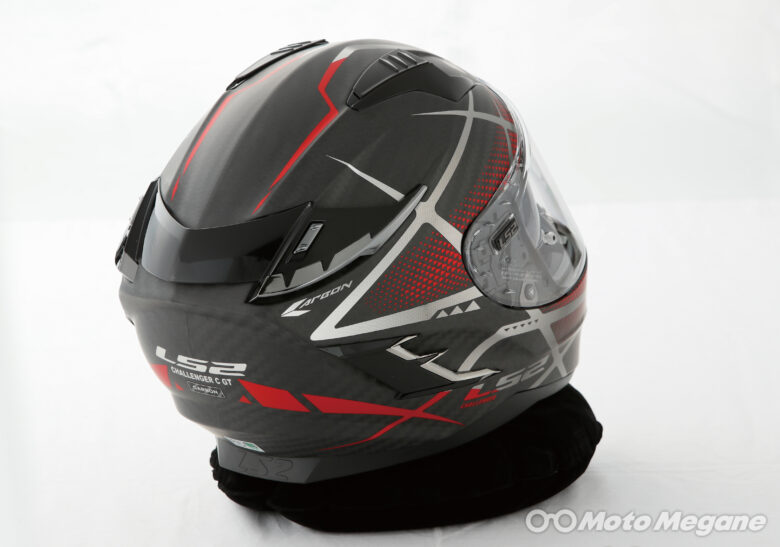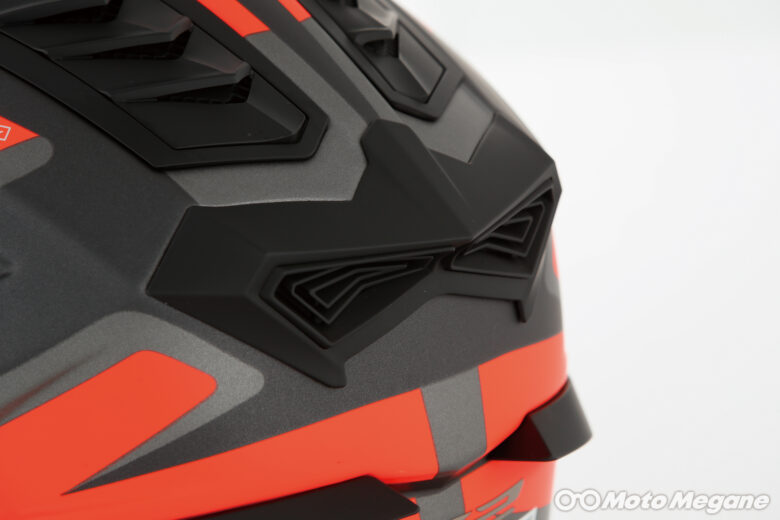 前方と上部に外気を取り込む吸気ポート、後頭部にリアスポイラー&排気ポートを装備する。
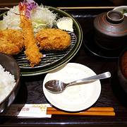 是日本非常有名的猪排店。或许因为原料不同,和上海伊势丹里的看起来完全不同,肥美多了。点了御膳用的猪排。上来这米饭不知道怎么形容口感,就是略有不同,很好吃。猪排表皮松脆,肉质滑嫩,咬一口就有满满的幸福感。洋白菜丝,切得均匀细致,原生态的甜脆。此外,白饭、卷心菜和味增汤是可以任意添加的,喜欢吃的可以自由享受哦。浇上最特别的配角,猪排酱配猪排,虾酱配炸虾,芝麻沙拉酱配卷心菜,此外还有辣酱、日式酱油,这一顿太满足了。
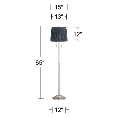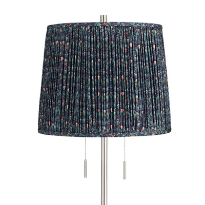 Update your living space with the help of this brushed steel finish floor lamp base. The design is crafted from metal, and has a chic contemporary look that’s ready to be paired with a stylish shade of your choosing. It comes with twin pull chains that rev up the style factor and make it easy to control the light output. Includes multi-color green floral patterned fabric shade. The decorative pattern is set against a blue color background, and the shade has a white polystyrene liner. Comes with the correct sized harp.

_WHAT YOU ARE ASKED TO DO_
Please give back exactly, and with no pictures, the lines from where the listing above begins through the line containing "是日本非常有名的猪排店。或许".

_WRITTEN SOLUTION_
 前方と上部に外気を取り込む吸気ポート、後頭部にリアスポイラー&排気ポートを装備する。
 是日本非常有名的猪排店。或许因为原料不同,和上海伊势丹里的看起来完全不同,肥美多了。点了御膳用的猪排。上来这米饭不知道怎么形容口感,就是略有不同,很好吃。猪排表皮松脆,肉质滑嫩,咬一口就有满满的幸福感。洋白菜丝,切得均匀细致,原生态的甜脆。此外,白饭、卷心菜和味增汤是可以任意添加的,喜欢吃的可以自由享受哦。浇上最特别的配角,猪排酱配猪排,虾酱配炸虾,芝麻沙拉酱配卷心菜,此外还有辣酱、日式酱油,这一顿太满足了。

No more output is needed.